(Dataset records)
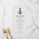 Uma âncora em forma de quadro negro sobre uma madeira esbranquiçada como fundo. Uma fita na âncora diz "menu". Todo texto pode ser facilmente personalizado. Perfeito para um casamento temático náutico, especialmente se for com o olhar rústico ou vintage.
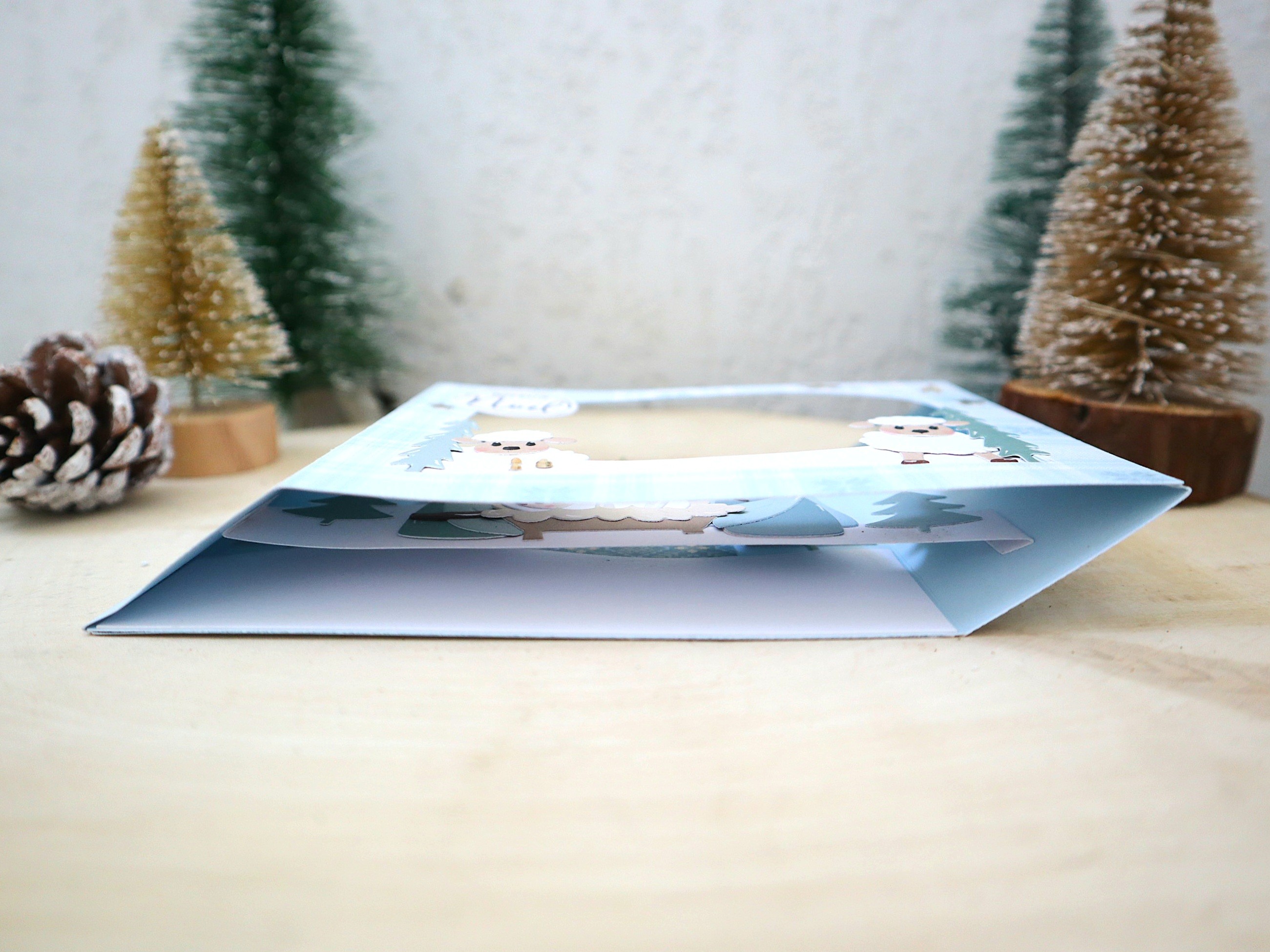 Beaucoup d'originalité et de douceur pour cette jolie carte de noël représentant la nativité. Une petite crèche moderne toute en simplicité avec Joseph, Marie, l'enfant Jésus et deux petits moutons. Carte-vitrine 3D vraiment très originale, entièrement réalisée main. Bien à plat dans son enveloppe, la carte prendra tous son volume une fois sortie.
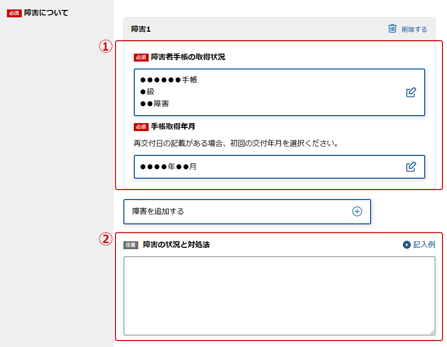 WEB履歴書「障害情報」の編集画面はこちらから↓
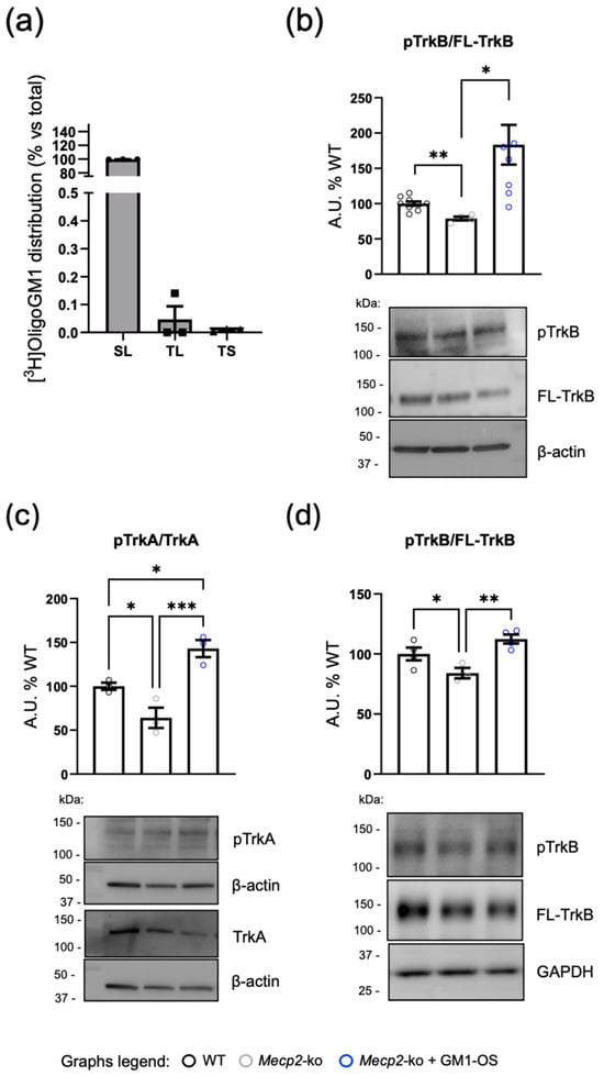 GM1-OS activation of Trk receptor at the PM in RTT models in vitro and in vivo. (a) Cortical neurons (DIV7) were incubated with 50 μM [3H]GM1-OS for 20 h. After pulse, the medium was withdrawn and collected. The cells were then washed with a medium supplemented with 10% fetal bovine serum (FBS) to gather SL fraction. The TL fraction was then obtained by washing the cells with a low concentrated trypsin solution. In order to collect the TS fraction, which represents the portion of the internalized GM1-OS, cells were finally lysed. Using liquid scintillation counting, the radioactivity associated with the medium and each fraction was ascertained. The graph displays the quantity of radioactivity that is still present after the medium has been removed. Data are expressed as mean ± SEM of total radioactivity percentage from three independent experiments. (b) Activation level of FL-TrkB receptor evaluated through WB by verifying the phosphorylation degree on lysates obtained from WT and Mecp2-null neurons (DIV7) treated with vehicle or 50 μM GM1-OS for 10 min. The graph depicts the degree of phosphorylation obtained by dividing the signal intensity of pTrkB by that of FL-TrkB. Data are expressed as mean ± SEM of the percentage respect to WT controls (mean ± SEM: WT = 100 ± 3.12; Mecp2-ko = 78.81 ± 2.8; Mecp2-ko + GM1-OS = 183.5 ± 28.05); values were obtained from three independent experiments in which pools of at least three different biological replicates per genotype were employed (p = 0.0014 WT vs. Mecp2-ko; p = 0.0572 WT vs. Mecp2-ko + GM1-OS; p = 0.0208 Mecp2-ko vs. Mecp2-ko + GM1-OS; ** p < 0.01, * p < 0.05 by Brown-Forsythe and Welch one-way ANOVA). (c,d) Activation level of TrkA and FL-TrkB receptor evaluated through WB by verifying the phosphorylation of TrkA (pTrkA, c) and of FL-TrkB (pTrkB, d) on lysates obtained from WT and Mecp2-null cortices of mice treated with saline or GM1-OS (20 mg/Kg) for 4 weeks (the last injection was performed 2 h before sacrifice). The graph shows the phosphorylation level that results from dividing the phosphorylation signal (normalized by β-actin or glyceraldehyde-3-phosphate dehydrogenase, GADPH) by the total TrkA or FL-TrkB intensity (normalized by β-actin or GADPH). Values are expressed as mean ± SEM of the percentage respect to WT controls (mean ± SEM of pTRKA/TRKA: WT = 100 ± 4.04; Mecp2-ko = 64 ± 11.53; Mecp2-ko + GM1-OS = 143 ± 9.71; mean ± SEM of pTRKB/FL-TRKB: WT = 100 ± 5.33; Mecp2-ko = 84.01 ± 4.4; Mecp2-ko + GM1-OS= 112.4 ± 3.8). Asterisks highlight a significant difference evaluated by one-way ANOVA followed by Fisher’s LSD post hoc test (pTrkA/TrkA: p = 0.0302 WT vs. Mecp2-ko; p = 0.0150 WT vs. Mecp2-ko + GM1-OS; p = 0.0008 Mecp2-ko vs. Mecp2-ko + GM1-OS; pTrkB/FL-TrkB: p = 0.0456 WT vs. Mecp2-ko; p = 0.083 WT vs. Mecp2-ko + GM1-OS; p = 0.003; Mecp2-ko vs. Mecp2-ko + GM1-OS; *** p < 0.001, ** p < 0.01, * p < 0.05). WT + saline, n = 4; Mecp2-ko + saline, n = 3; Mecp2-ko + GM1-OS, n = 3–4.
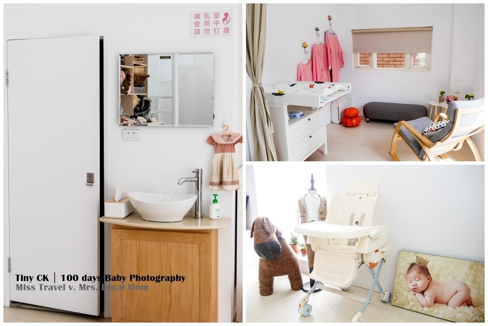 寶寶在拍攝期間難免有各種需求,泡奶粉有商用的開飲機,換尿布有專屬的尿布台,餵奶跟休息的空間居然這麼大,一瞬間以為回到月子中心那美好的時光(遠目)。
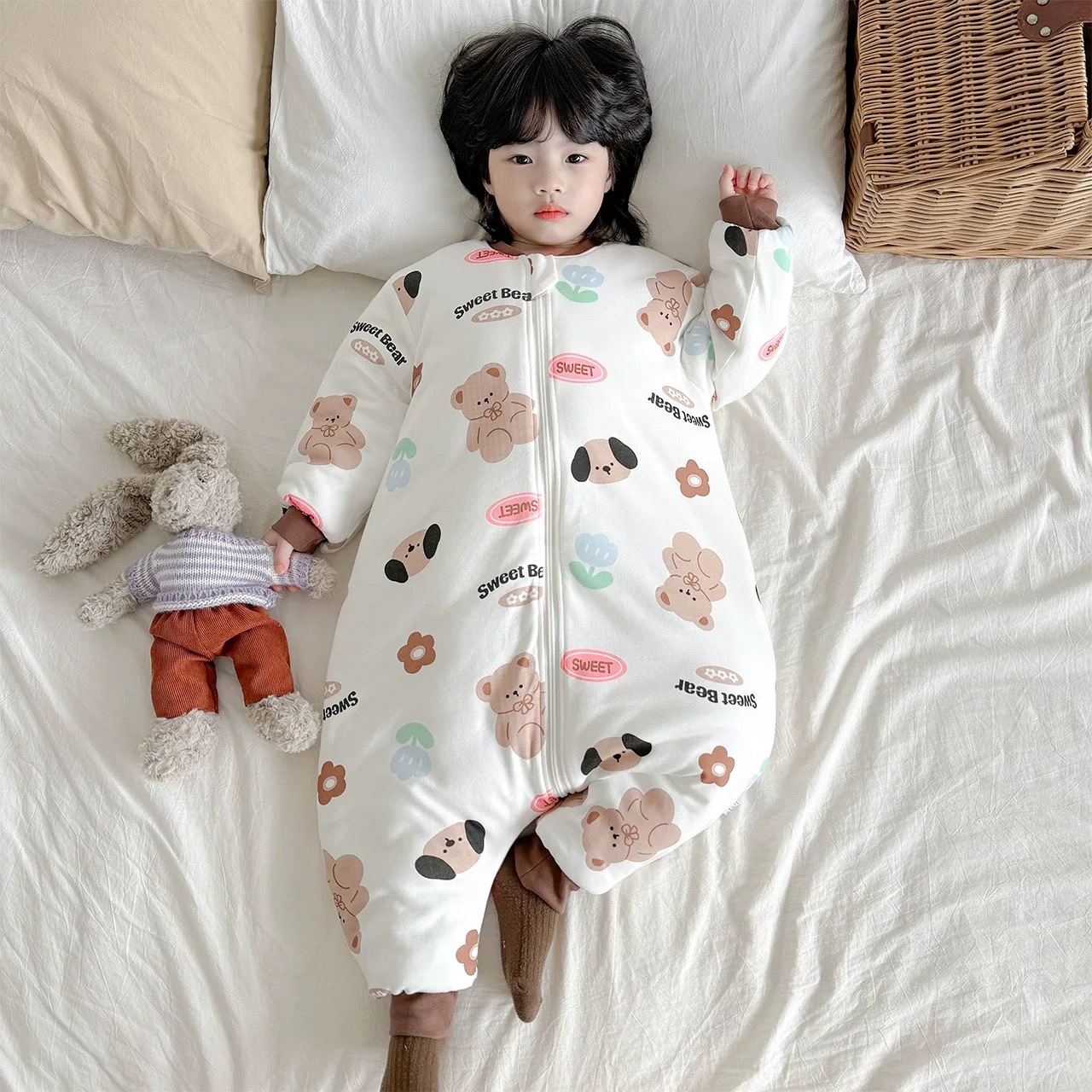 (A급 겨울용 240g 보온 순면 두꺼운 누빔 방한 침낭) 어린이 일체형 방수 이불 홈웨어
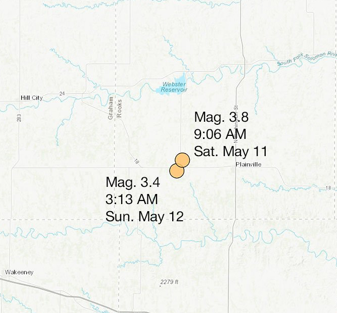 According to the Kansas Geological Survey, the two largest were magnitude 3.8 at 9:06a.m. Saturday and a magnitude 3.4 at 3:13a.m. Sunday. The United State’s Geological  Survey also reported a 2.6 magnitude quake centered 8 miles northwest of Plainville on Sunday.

**EXERCISE BRIEF:**
Keeping the pictures out, output the records from above exactly and completely.

**RESPONSE BELOW:**
 Uma âncora em forma de quadro negro sobre uma madeira esbranquiçada como fundo. Uma fita na âncora diz "menu". Todo texto pode ser facilmente personalizado. Perfeito para um casamento temático náutico, especialmente se for com o olhar rústico ou vintage.
 Beaucoup d'originalité et de douceur pour cette jolie carte de noël représentant la nativité. Une petite crèche moderne toute en simplicité avec Joseph, Marie, l'enfant Jésus et deux petits moutons. Carte-vitrine 3D vraiment très originale, entièrement réalisée main. Bien à plat dans son enveloppe, la carte prendra tous son volume une fois sortie.
 WEB履歴書「障害情報」の編集画面はこちらから↓
 GM1-OS activation of Trk receptor at the PM in RTT models in vitro and in vivo. (a) Cortical neurons (DIV7) were incubated with 50 μM [3H]GM1-OS for 20 h. After pulse, the medium was withdrawn and collected. The cells were then washed with a medium supplemented with 10% fetal bovine serum (FBS) to gather SL fraction. The TL fraction was then obtained by washing the cells with a low concentrated trypsin solution. In order to collect the TS fraction, which represents the portion of the internalized GM1-OS, cells were finally lysed. Using liquid scintillation counting, the radioactivity associated with the medium and each fraction was ascertained. The graph displays the quantity of radioactivity that is still present after the medium has been removed. Data are expressed as mean ± SEM of total radioactivity percentage from three independent experiments. (b) Activation level of FL-TrkB receptor evaluated through WB by verifying the phosphorylation degree on lysates obtained from WT and Mecp2-null neurons (DIV7) treated with vehicle or 50 μM GM1-OS for 10 min. The graph depicts the degree of phosphorylation obtained by dividing the signal intensity of pTrkB by that of FL-TrkB. Data are expressed as mean ± SEM of the percentage respect to WT controls (mean ± SEM: WT = 100 ± 3.12; Mecp2-ko = 78.81 ± 2.8; Mecp2-ko + GM1-OS = 183.5 ± 28.05); values were obtained from three independent experiments in which pools of at least three different biological replicates per genotype were employed (p = 0.0014 WT vs. Mecp2-ko; p = 0.0572 WT vs. Mecp2-ko + GM1-OS; p = 0.0208 Mecp2-ko vs. Mecp2-ko + GM1-OS; ** p < 0.01, * p < 0.05 by Brown-Forsythe and Welch one-way ANOVA). (c,d) Activation level of TrkA and FL-TrkB receptor evaluated through WB by verifying the phosphorylation of TrkA (pTrkA, c) and of FL-TrkB (pTrkB, d) on lysates obtained from WT and Mecp2-null cortices of mice treated with saline or GM1-OS (20 mg/Kg) for 4 weeks (the last injection was performed 2 h before sacrifice). The graph shows the phosphorylation level that results from dividing the phosphorylation signal (normalized by β-actin or glyceraldehyde-3-phosphate dehydrogenase, GADPH) by the total TrkA or FL-TrkB intensity (normalized by β-actin or GADPH). Values are expressed as mean ± SEM of the percentage respect to WT controls (mean ± SEM of pTRKA/TRKA: WT = 100 ± 4.04; Mecp2-ko = 64 ± 11.53; Mecp2-ko + GM1-OS = 143 ± 9.71; mean ± SEM of pTRKB/FL-TRKB: WT = 100 ± 5.33; Mecp2-ko = 84.01 ± 4.4; Mecp2-ko + GM1-OS= 112.4 ± 3.8). Asterisks highlight a significant difference evaluated by one-way ANOVA followed by Fisher’s LSD post hoc test (pTrkA/TrkA: p = 0.0302 WT vs. Mecp2-ko; p = 0.0150 WT vs. Mecp2-ko + GM1-OS; p = 0.0008 Mecp2-ko vs. Mecp2-ko + GM1-OS; pTrkB/FL-TrkB: p = 0.0456 WT vs. Mecp2-ko; p = 0.083 WT vs. Mecp2-ko + GM1-OS; p = 0.003; Mecp2-ko vs. Mecp2-ko + GM1-OS; *** p < 0.001, ** p < 0.01, * p < 0.05). WT + saline, n = 4; Mecp2-ko + saline, n = 3; Mecp2-ko + GM1-OS, n = 3–4.
 寶寶在拍攝期間難免有各種需求,泡奶粉有商用的開飲機,換尿布有專屬的尿布台,餵奶跟休息的空間居然這麼大,一瞬間以為回到月子中心那美好的時光(遠目)。
 (A급 겨울용 240g 보온 순면 두꺼운 누빔 방한 침낭) 어린이 일체형 방수 이불 홈웨어
 According to the Kansas Geological Survey, the two largest were magnitude 3.8 at 9:06a.m. Saturday and a magnitude 3.4 at 3:13a.m. Sunday. The United State’s Geological  Survey also reported a 2.6 magnitude quake centered 8 miles northwest of Plainville on Sunday.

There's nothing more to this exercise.